Apart from Kamshet, Arambol and Anjuna in Goa, too, offer some of the best tandem rides that allow you to fly over the beaches. Panchgani in Maharashtra, Nandi Hills in Bangalore and Manali in Himachal Pradesh are other popular options. A tandem ride can cost around Rs 3,000 for 15 minutes.
A number of paragliding fatalities reported in the media may have put the sport under a cloud, but most veteran flyers insist that paragliding is as safe as driving a car or walking on the road — provided you learn it right and practise it correctly. “Of course, there’s an element of risk involved, but most accidents happen because flyers throw caution out of the window,” says Manoj Roy, secretary general of the Paragliding Association of India (PAI), which was formed by the pilots community to promote, develop, control and regulate paragliding and paramotoring in India.

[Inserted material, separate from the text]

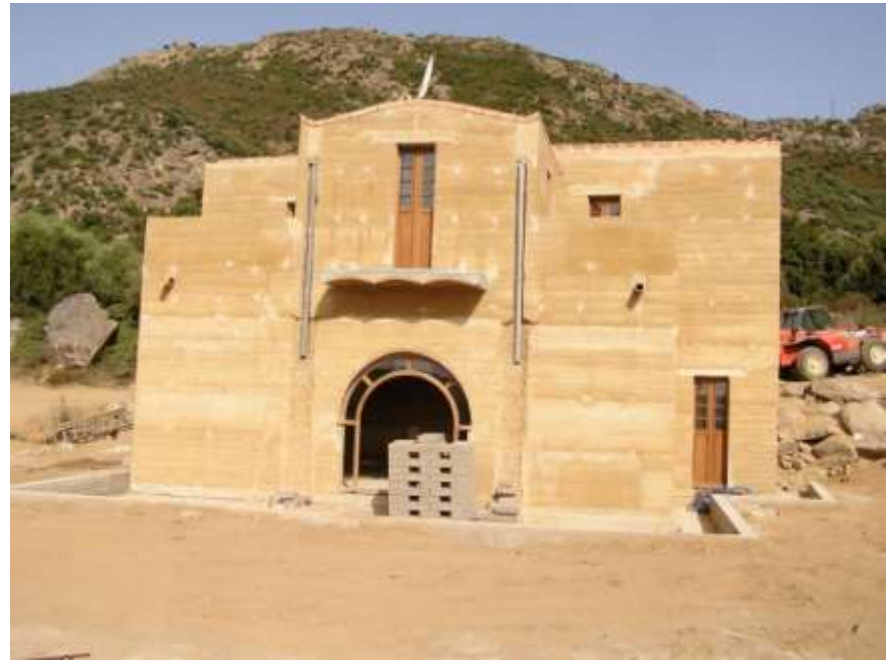
Maison à Belgodere (2B), P. Casalunga + STUDIE

Roy feels mishaps happen when people opt for unprofessional “tour operators” rather than qualified flyers to learn or take a tandem ride. India may be opening up to paragliding and has immense potential to develop the sport because of relatively steady weather conditions, but there’s lack of checks and government regulations. So, Roy cautions adventure enthusiasts to be very careful about who they learn from and fly with. “PAI is trying to streamline training and infrastructure guidelines for learning and practising. It has also formed a set of guidelines for tandem paragliding. These will be implemented from December 14,” says Roy.
The authority is in talks with various state governments, sports authorities and the aviation ministry to implement a certification and a rating system so that more people can take to the sport without having to fear for their safety.